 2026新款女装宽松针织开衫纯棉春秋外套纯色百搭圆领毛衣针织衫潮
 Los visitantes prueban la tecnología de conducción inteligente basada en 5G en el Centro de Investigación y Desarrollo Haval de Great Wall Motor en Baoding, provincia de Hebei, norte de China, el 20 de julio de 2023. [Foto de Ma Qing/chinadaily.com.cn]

---

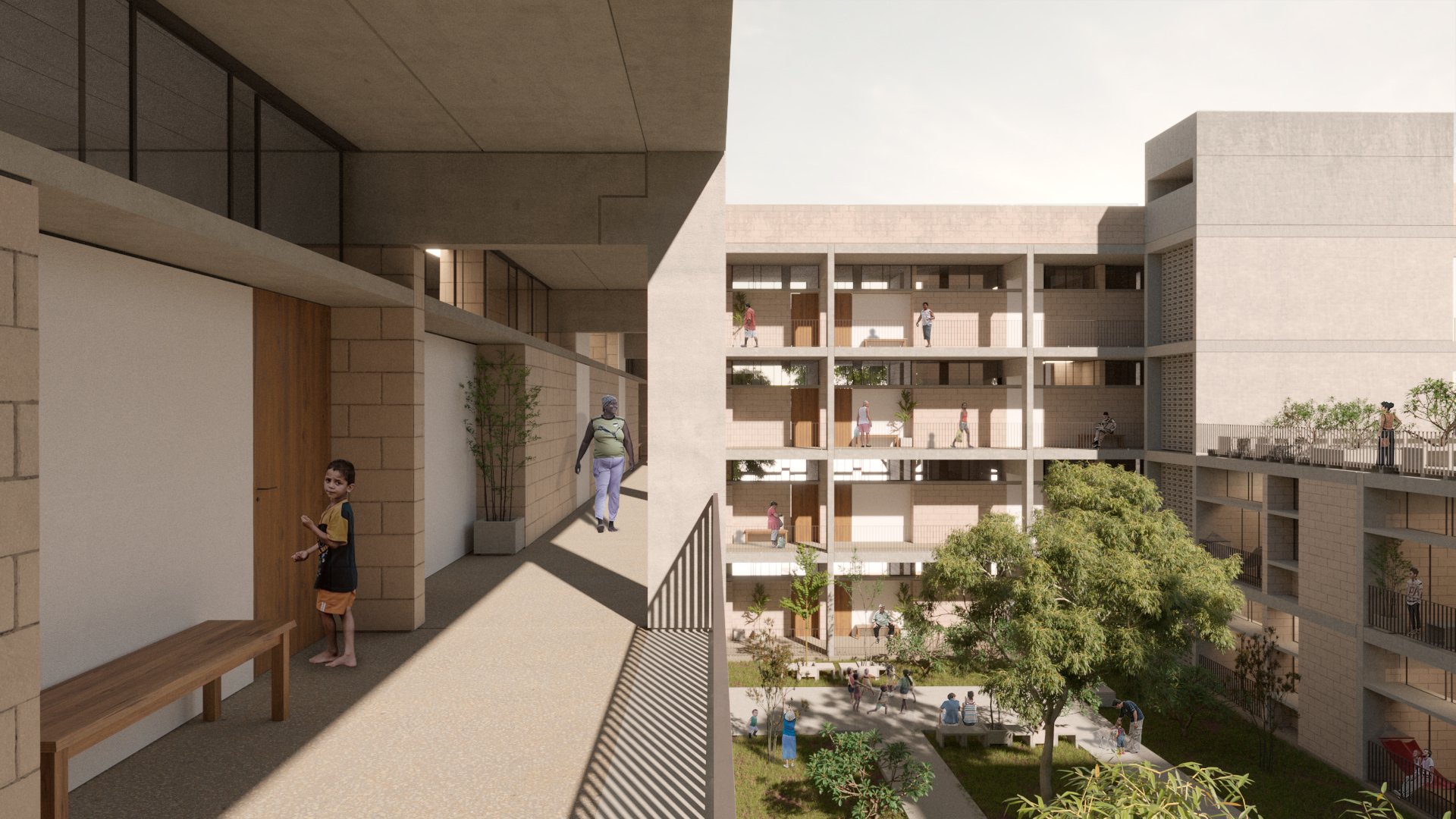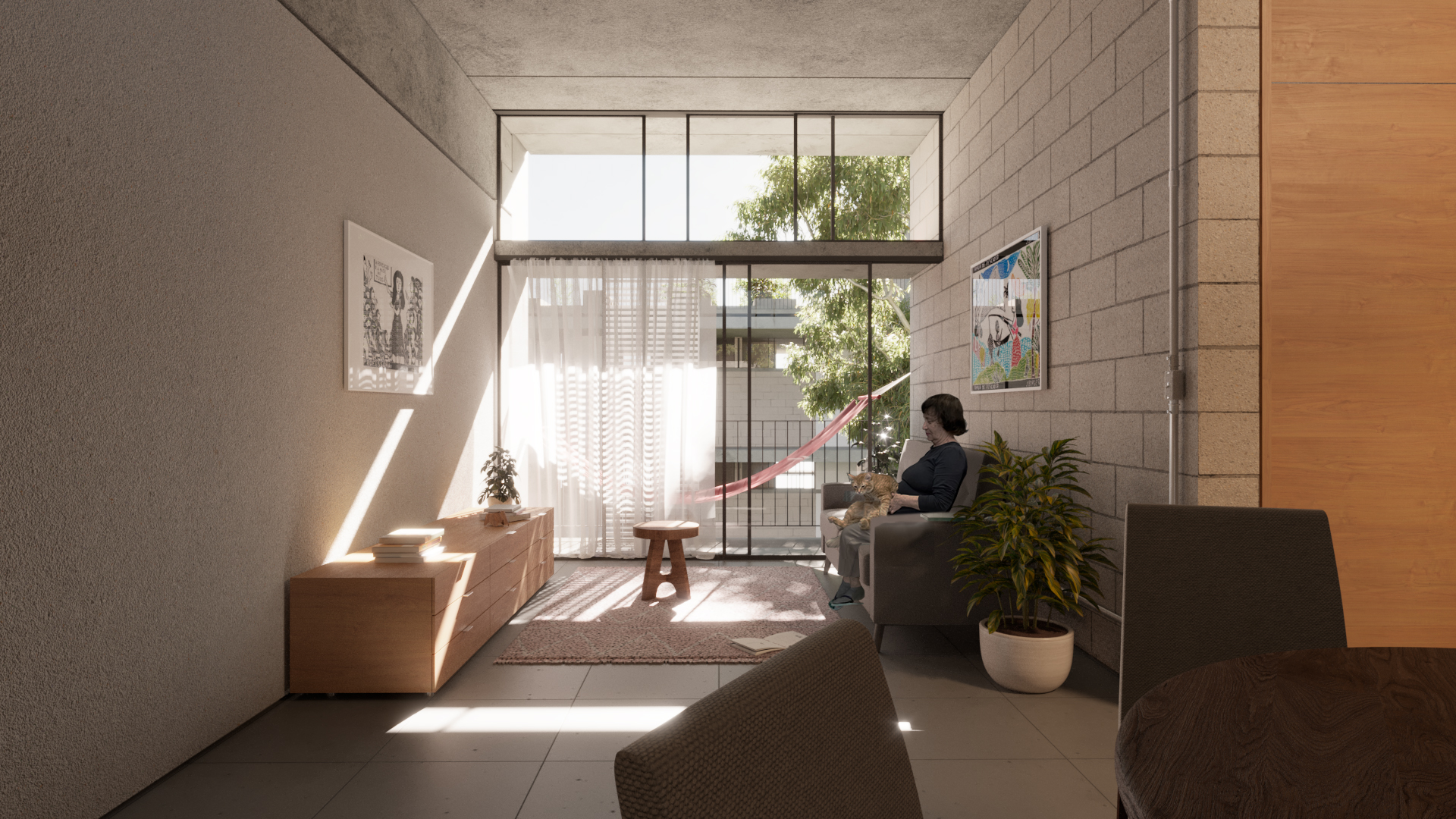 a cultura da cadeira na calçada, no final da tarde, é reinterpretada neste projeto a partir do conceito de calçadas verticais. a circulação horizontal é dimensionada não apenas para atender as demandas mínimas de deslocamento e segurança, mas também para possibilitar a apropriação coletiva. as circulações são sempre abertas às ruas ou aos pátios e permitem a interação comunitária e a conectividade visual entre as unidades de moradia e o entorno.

**What is expected**
Copy exactly the stretch of data above from the line with "2026新款女装宽松针织开衫纯棉春秋外套纯色百搭圆领毛衣针织衫潮" through the line with "Los visitantes prueban", and omit all other lines.

**The answer**
 2026新款女装宽松针织开衫纯棉春秋外套纯色百搭圆领毛衣针织衫潮
 Los visitantes prueban la tecnología de conducción inteligente basada en 5G en el Centro de Investigación y Desarrollo Haval de Great Wall Motor en Baoding, provincia de Hebei, norte de China, el 20 de julio de 2023. [Foto de Ma Qing/chinadaily.com.cn]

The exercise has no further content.